Award of Credit Points
To gain credit points for this unit, students must gain a pass mark (50 or over) for the unit
Transferable Skills
Using an abstract framework to better understand how to attack a concrete problem.
Texts
- T. M. Apostol, Introduction to analytic number theory. Springer, 1976.
- J. Brüdern, Einführung in die analytische Zahlentheorie, Springer, 1995.
- H. Davenport, Multiplicative Number Theory, third edition, Springer 2000
- H.L. Montgomery and R.C. Vaughan, Multiplicative Number Theory. I. Classical Theory, Cambridge University Press 2007
- G. Tenenbaum, Introduction to analytic and probabilistic number theory, Cambridge University Press, 1995.
Syllabus
Preliminary review. Elementary results on the distribution of primes. Equivalent forms of the Prime Number Theorem. Chebychev's order of magnitude result for the prime counting function.
Definition and basic properties of arithmetic functions. Dirichlet convolution and the ring of arithmetic functions. Mobius inversion.
Summation techniques and average orders of arithmetic functions. Partial summation. Discussion of the Dirichlet divisor problem.
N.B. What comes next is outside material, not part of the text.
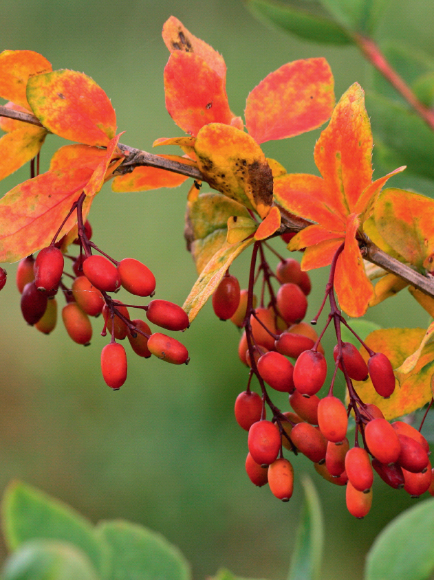 The berries are juicy and pleasantly tart, and make an excellent jelly with lamb. But it is a shame not to make use of their shape and colour, and the sense they give of being concentrated capsules of juice. Many of the most interesting uses of barberry have been partly decorative. They can be used as a dressing for roast duck – they burst during the cooking and baste the meat with their juice. Mrs Beeton suggests that ‘the berries arranged on bunches of nice curled parsley make an exceedingly pretty garnish for white meats’. Some cooks float the berries on top of fruit salads.

Dirichlet series and Euler products.
Dirichlet characters and Dirichlet L-functions. Dirichlet's theorem on primes in arithmetic progression.
Analytic properties of the Riemann zeta function. The gamma function and the functional equation for the zeta function. The Riemann Hypothesis.
Size of the zeta function in the critical strip. Non-vanishing of the zeta function on the line s=1. Perron's formula. Analytic proof of the prime number theorem. Equivalent forms of the Riemann Hypothesis.
Other possible topics as time permits: More about primes in arithmetic progressions, sieve techniques, additive number theory.